Answering the Call of the Wild

I’ve been thinking a lot about joy lately. With it being a central theme during the Christmas season, one can’t help but at least give it a curtesy of acknowledgment. 

So often though, it’s just another word that gets floated around seasonally like peace or spirit, but we don’t really think about the essence of these words, what they really mean and what their energy is; at least I didn’t…until this season. 

As is usually the case with me, seemingly unrelated events, circumstances and activities in my life have a way of coalescing into an amalgam of beneficial insights and epiphanies for me. If I didn’t know better, I’d think they were secretly conspiring and planning a surprise party where they get to control the moment of revelation. 

To back up just a bit, this year has been quite the transformational year for me. To start, for the first time in 27 years, I find myself a single woman. Frankly, I don’t even feel old enough to make a statement like that, but the chronological counting of age has always been a somewhat nebulous concept for me anyway, mostly because it never seems to reconcile. 

I mention this newfound singlehood as a significant factor in this year of transformation, well, because it is.

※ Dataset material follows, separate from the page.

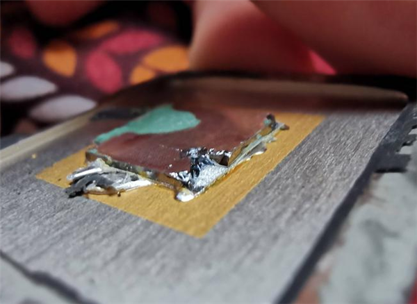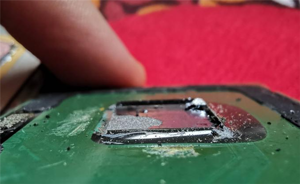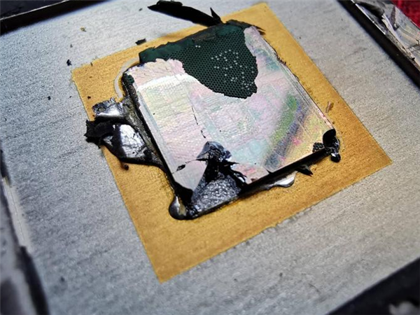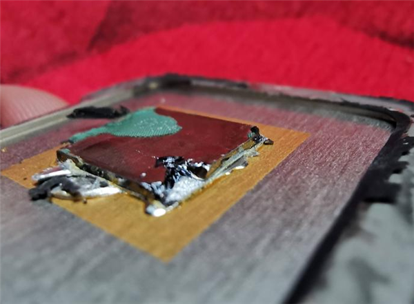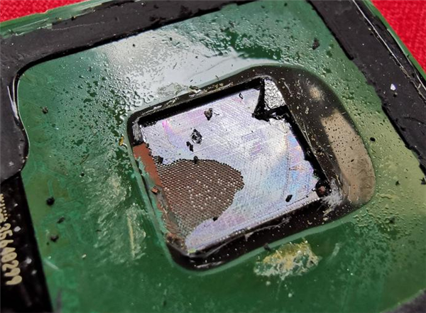 不过他开盖的过程可以说简单粗暴,直接用刀子撬外壳了,四周的环氧树脂胶倒是很轻松撬开,但是他忘了奔腾处理器是钎焊的,结果大力出奇迹,CPU核心也被破坏了。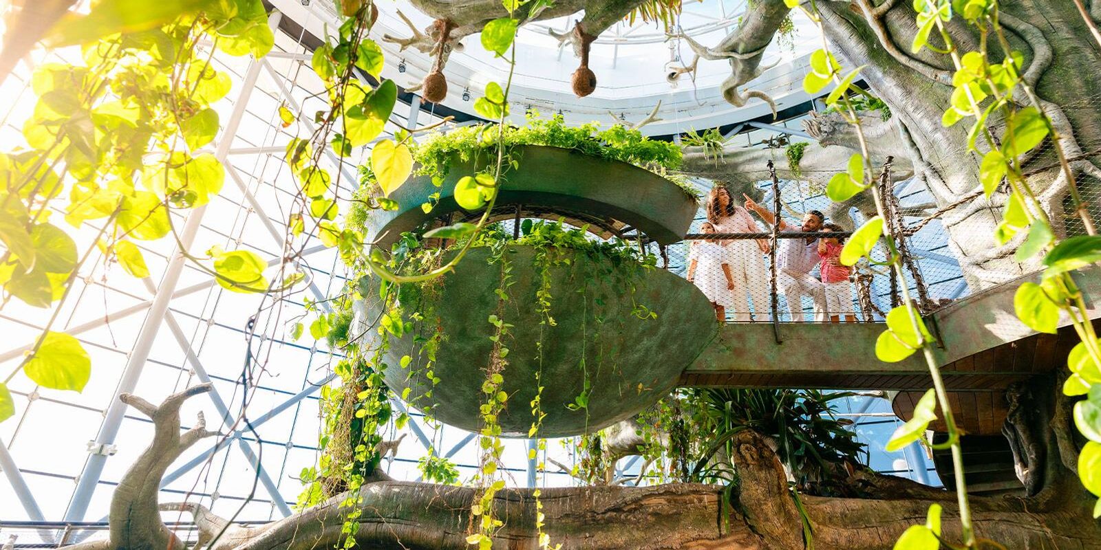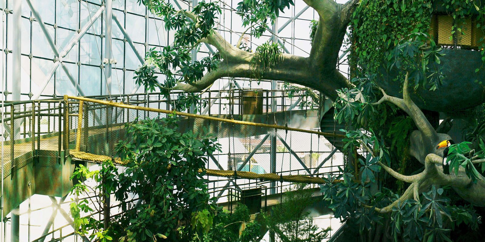 Оранжерея пользуется популярностью у посетителей всех возрастов и состоит из четырех ярусов: «Крона», «Средний уровень», «Лесные тропинки» и «Тропический лес после ливня». На каждом уровне рассказывают о важной роли, которую играют тропические леса в жизни нашей планеты, а прогулка среди водопадов дарит массу незабываемых впечатлений.

I didn’t know it, but after a few decades, and then some, of almost constantly having a male companion, I’d completely lost sight of the dating game and all its seemingly strange eccentricities. After a few great episodes, some not-so-hot encounters, and a few started-out-interesting-but-quickly-went-south experiences, I realized I was not up to the task called dating, at least not for a while.

Besides, what the hell was I doing anyway? The truth is I became single by choice. I’d finally reached the point of having had so many serial relationships, one after the other, that one day (metaphorically, of course) I looked up and didn’t recognize myself. I’d left so many pieces and parts of myself strewn about like shrapnel, depositing one part here and picking up another part (of someone else) there that my life somewhat resembled a game of trading cards, except instead of trading cards, I was trading my interests, preferences, and desires for someone else’s. It’s funny how we can know we are doing something like this, realize it’s not working and still keep doing it anyway. But at some point, as in nature, everything has a way of reconciling itself, and recently I did just that; I reconciled myself. 

The second significant part of my transformational year was professionally. To put it mildly, I came completely unhinged. Looking back, it had been several years in the making, but it’s hard to recognize that is what is happening when you’re smack in the middle of the chaos and all you can see to do is keep the wheels on the bus. Round and round they must go.

Over the years, I’d become a professional automaton operating with an almost machine-like precision. I wasn’t a real person; I was simply masquerading as one. One might wonder how this played out in my relationships. Not well. Fortunately, though, I can say there was and are a small number of people, only one being a blood relative, that could see through all the exterior measurements and were there for me when parts started flying off, not to mention they stuck around for the aftermath to help pick up the broken pieces. For these individuals, I have a deep well of gratitude because frankly, it would have been easier to walk away, and they did not. 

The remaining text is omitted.